When $\tilde{g}(Z_k)$ is generated from clinically derived risk groupings, $\tilde{f}(A_k \mid B_k)$ does not represent a formal conditional density; instead, it can be viewed as a Plackett–Luce ranking metric, and $d_{\mathrm{KL}}(\tilde{f} \parallel f;\, t_k)$ can be interpreted as a generalized KL divergence. The accumulated KL divergence across the sequence of conditional experiments $A_1 \mid B_1, \ldots, A_K \mid B_K$ is

$D_{\mathrm{KL}}(\tilde{f} \parallel f) = \sum_{k=1}^{K} d_{\mathrm{KL}}(\tilde{f} \parallel f;\, t_k),$

which measures the discrepancy between the external risk scores and the internal Cox model. To integrate external information while accounting for potential disparities, we combine the internal log-partial likelihood with the accumulated KL divergence by constructing the penalized objective function

$\ell_{\eta}(\beta) = \ell(\beta) - \eta\, D_{\mathrm{KL}}(\tilde{f} \parallel f),$

where $\eta \ge 0$ is a tuning parameter that controls the trade-off between the internal model and the external risk scores. Setting $\eta = 0$ recovers the internal-only Cox fit, whereas larger values of $\eta$ place more weight on the external information.

Equivalent weighted form. Substituting the Cox-model expressions and noting that the unique failure times $t_1 < \cdots < t_K$ coincide with the observed internal event times, the integrated objective admits the equivalent weighted partial-likelihood form

$\ell_{\eta}(\beta) \;\propto\; \sum_{i=1}^{n} \left\{ \frac{\delta_i + \eta\, \tilde{\delta}_i}{1 + \eta}\, g(Z_i, \beta) - \delta_i \log\left[ \sum_{l=1}^{n} Y_l(T_i)\,\exp\{g(Z_l, \beta)\} \right] \right\},$

where the externally induced pseudo-event weight is defined as

$\tilde{\delta}_i = \sum_{k=1}^{K} \frac{Y_i(t_k)\,\exp\{\tilde{g}(Z_i)\}} {\sum_{j=1}^{n} Y_j(t_k)\,\exp\{\tilde{g}(Z_j)\}}.$

This representation shows that the external information enters the internal partial likelihood by augmenting each subject’s observed event indicator $\delta_i$ with a fractional pseudo-event weight $\tilde{\delta}_i$ derived from the external risk scores, with $\eta$ governing the relative contribution of the two sources.

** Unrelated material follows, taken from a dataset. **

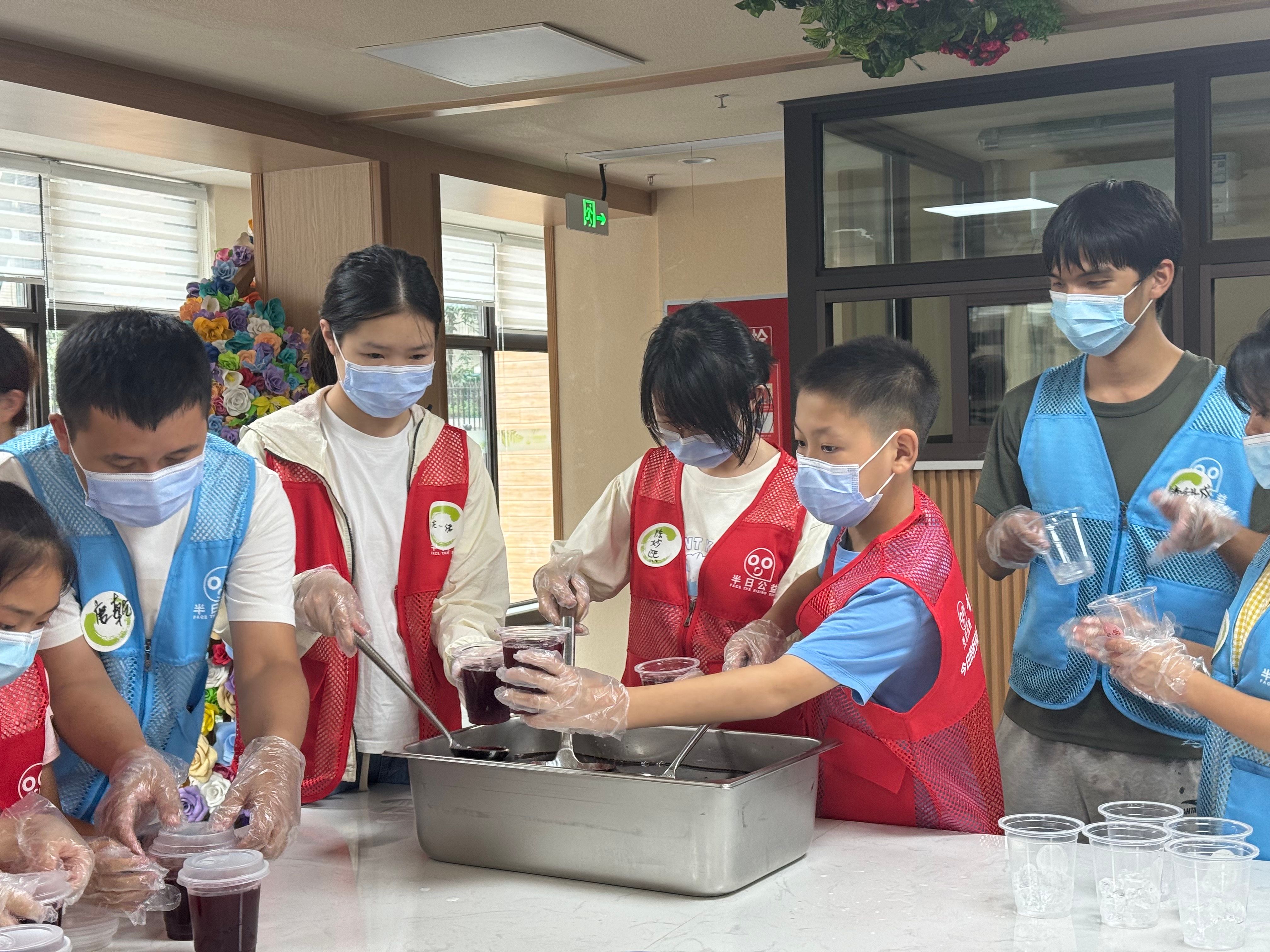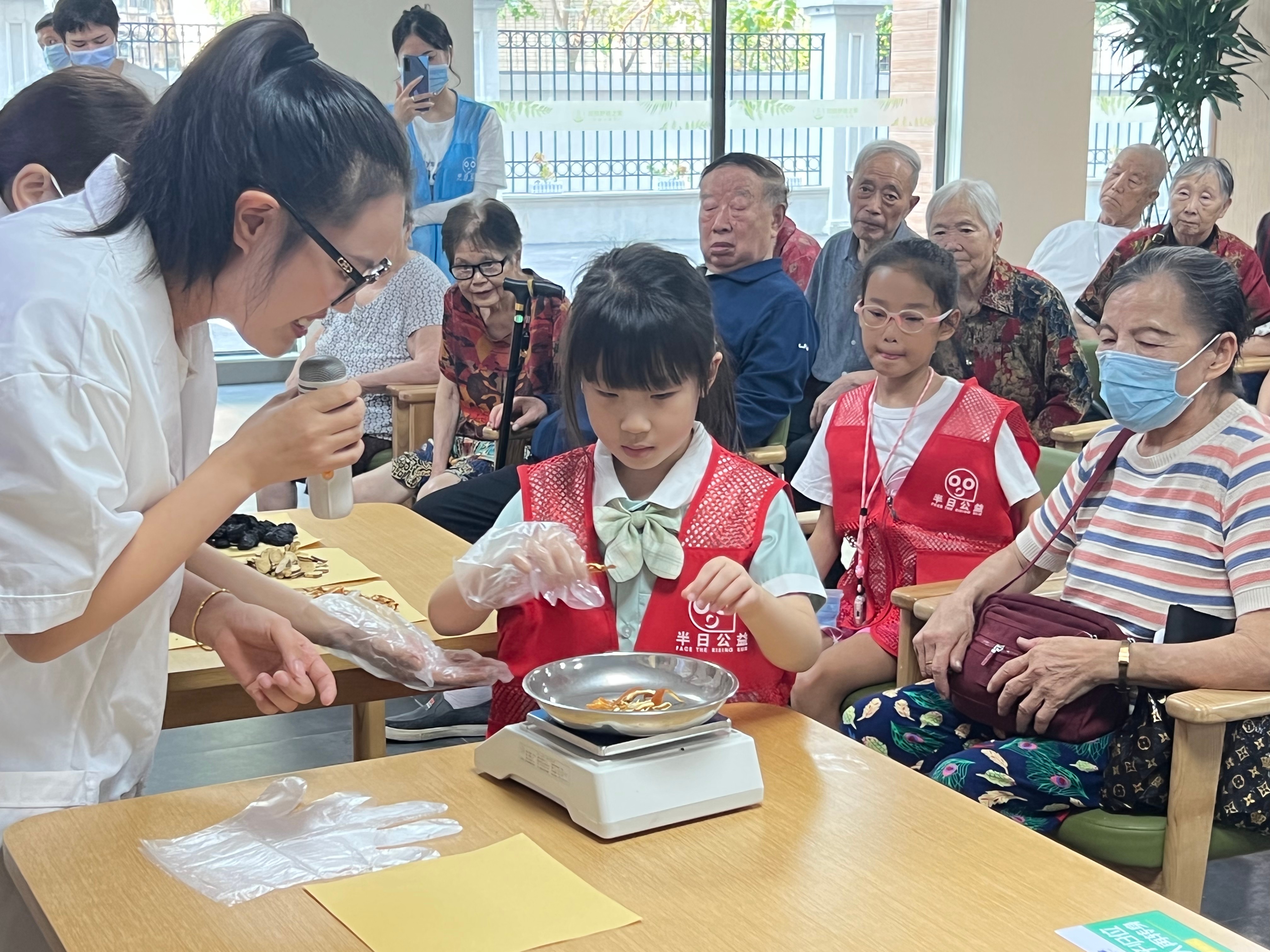 中医老师们向长者们展示了夏季防暑降温的常用中药材,讲解了使用方式、风险事项、药品制作流程等内容。长者们也纷纷动手,体验了对药材进行研磨、称重、烹煮的过程。志愿者们还与中医老师一道,现场制作夏季降温神器——酸梅汤。通过对原材料的认真筛选,对烹饪过程中的严格把控,一杯杯健康、绿色、安全的酸梅汤顺利出炉,为大家带去了一丝清凉和一份关心。

Regularization for High-Dimensional Data

For high-dimensional applications, where the number of covariates $p$ may be large relative to the sample size $n$ , we extend the integrated objective by adding a regularization term. The resulting objective function enables simultaneous variable selection and parameter estimation:

$\ell_{\eta, \lambda}(\beta) = \ell_{\eta}(\beta) - \lambda\, P(\beta),$

where $P(\beta)$ is a penalty function and $\lambda \ge 0$ is a tuning parameter controlling its strength. The package supports the following choices of $P(\beta)$ :

Ridge (Hoerl and Kennard, 1970): $P(\beta) = \tfrac{1}{2}\,\|\beta\|_2^2 = \tfrac{1}{2}\sum_{j=1}^{p} \beta_j^2,$ which shrinks coefficients toward zero and stabilizes estimation under collinearity.
LASSO (Tibshirani, 1997): $P(\beta) = \|\beta\|_1 = \sum_{j=1}^{p} |\beta_j|,$ which produces sparse solutions by setting some coefficients exactly to zero.
Elastic Net (Simon et al., 2011): $P(\beta) = \alpha\,\|\beta\|_1 + \tfrac{1}{2}(1 - \alpha)\,\|\beta\|_2^2 = \sum_{j=1}^{p}\left[ \alpha\,|\beta_j| + \tfrac{1}{2}(1 - \alpha)\,\beta_j^2 \right],$ where $\alpha \in [0, 1]$ is a mixing parameter that blends the LASSO and ridge penalties; $\alpha = 1$ reduces to the LASSO and $\alpha = 0$ to ridge.

In survkl, ridge-penalized estimation is provided by coxkl_ridge, while the elastic-net family (including the LASSO as the special case $\alpha = 1$ ) is provided by coxkl_enet. The companion cross-validation routines cv.coxkl, cv.coxkl_ridge, and cv.coxkl_enet perform $K$ -fold cross-validation to select the integration weight $\eta$ and the regularization parameter $\lambda$ , using Harrell’s C-index for discrimination and the V&VH loss for overall model fit.